Month: March 2013

  • #ETMOOC, baby steps, students

    I have always figured I am about 3 years ahead of my students, at least in adoption of technology for learning. But with this MOOC thing, I have leapt way, way ahead. The way universities are set up, the education system so entrenched and ossified here in Japan, I fear for the 2020’s (and figure not much will happen until then).

    Japan’s Ministry of Education is promoting the idea of applying the “Plan-Do-Check-Act” cycle to learning. Never mind that this was developed to improve assembly lines for Toyota in the 1960’s by W. Edwards Deming who has reached mythical status over the years. Teachers tell me it can be used for anything. Sure it can. But should it?

    So how do we get from here to there? Baby steps? A gradual evolution? Or a revolution? Will digital citizens rise up and man the barricades, voting electronically to…do what? MOOCs of the Connectivist variety will require a lot of nurturing, and will get splashed with the backlash that is sure to come in the next few years of the emerging technologies hype cycle.

    My students are woefully unprepared for autonomous learning. They have been instructed and directed down to the minute in a very efficient system for developing instruction followers. I am guessing they will become the engine for whoever will lead them. I teach one day a week at the leader’s school. The ones who will go into the bureaucracy to push Japan forward in the next few years. They leave me hope. They are willing to experiment, but only so far. Tiny tiny groups are allowed to do things differently, such as take a gap year. Are these baby steps enough? Should I try to foment a revolution? They say the best leaders are adept at spotting a crowd going somewhere and getting in front of it. I don’t see much movement right now. Hopefully it is just me.

  • TV Guide to MOOCs

    The most profitable company for TV in its golden era, before cable and the Internet, was the TV guide.

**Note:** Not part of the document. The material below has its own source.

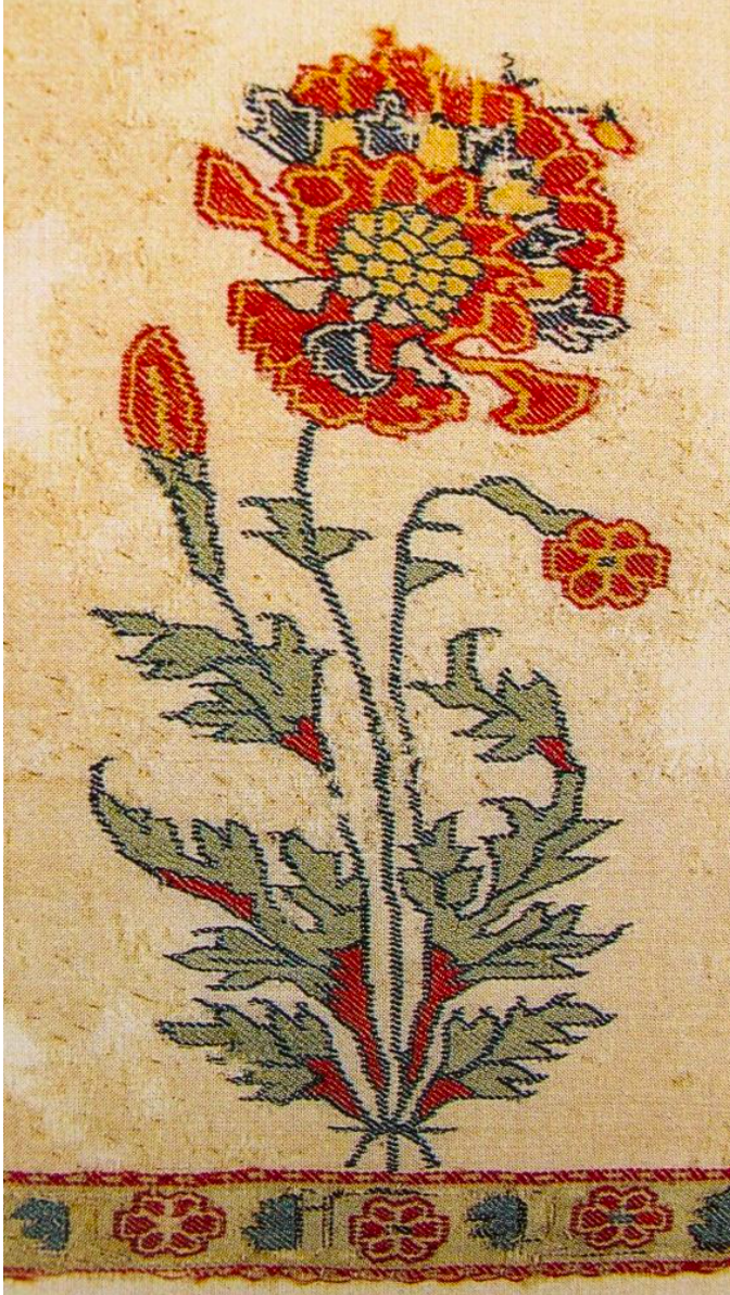 在這一時期,圖騰仍屬於自然花卉與植物枝葉的寫實描繪,尚未出現後來典型的 Buta 水滴輪廓。此設計風格承襲自波斯與莫臥兒文化對自然生命的崇拜,線條纖細、輪廓自由,反映出早期織品裝飾的純粹與原始。

Cover TV Guide It made more than the networks did. Networks, for our younger readers, were large broadcasting companies that worked with local distributors (affiliates) to make a broadcast network, exemplified by CBS, NBC or ABC in the US.

    I can’t help but feel that we are ramping up to that golden age very quickly for MOOCs, and whoever has the best directory will have tremendous influence over how the industry (and it will be an industry) develops.

    Stephen Downes MOOC Guide is a good example of an open source guide. Coursera is working hard to involve so many universities that it will become a defacto guide in itself. Edx is offering its courseware to anyone who wants to install and use it.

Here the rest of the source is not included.